I have a doubt about the next word predicted by the language models we are builting. It seems I cannot achieve the same results Jeremy achieved with the Arxiv notebook. I created a portuguese language model and indeed got better results in fine tuning for a law text corpus and using it for classification purposes. The Portuguese LM achieved the same level of perplexity as other people achieved for other languages here.
But I am intrigued about the way the language model works.
In the Arxiv notebook, when the context changed (eg. category csni x category cscv) the model come with different words for the next prediction for the same sequence, depending on the category context.
When I try to emulate that using my Portuguese LM or even the Law LM fine tuned from the Portuguese LM, I always get the same prediction based only on the last word of the seed sentence.
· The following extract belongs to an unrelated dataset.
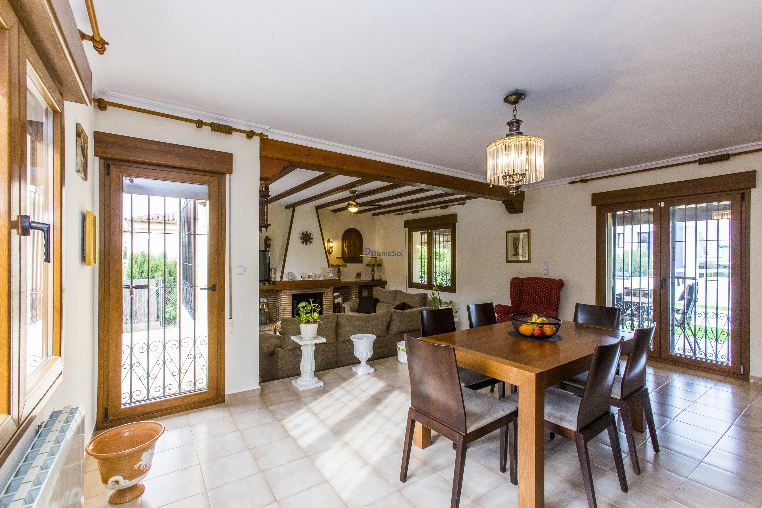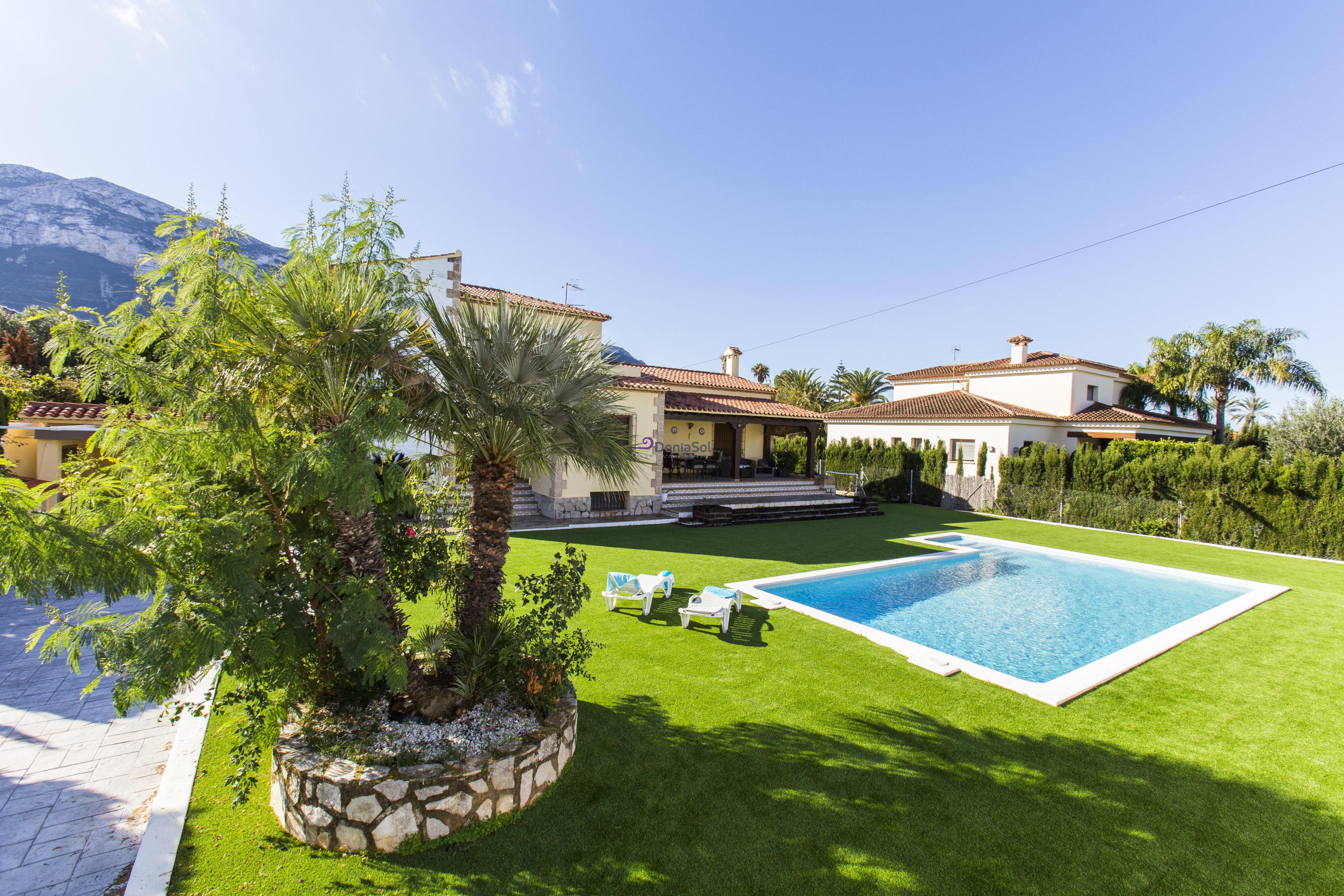 Location dans Denia, située aux pieds du mont Montgó, est trés bien située à 1 Km du centre ville de Denia et 2 Km de la mer. Cette maison de campagne de style rustique est située sur un grande parcelle rurale avec jardín et arbres fruitiers, terrace avec vue sur la campagne, mobilier de jardín, piscine privée, parking et barbacue. La Ville comprend de salle à manger avec televisión, cuisine clouturé avec lave-vaiselle, 4 chambres, 2 salles de bain. Grand terrace clôture.

It doesn’t matter what came before. If the last token of my seed sentence is “to”, I will always get the same predictions for the next word (exactly the same probabilities), despite the previous context. I used the same code for making the predictions as the Arxiv Notebook, and when I ask it to predict the next 50 words, the sentences are coherent, so I guess the code is working ok. But I always get the same results depending only on the last word of the seed, despite the previous context.
Is that expected? What is different? Maybe using 1 cycle policy? I see in Arxiv notebook, Jeremy took a lot of epochs to converge, while using 1 cycle policy my model converged (overfitting) in 15 epochs. Has it something to do with the different results?
Thanks in advance.
Best regards to all,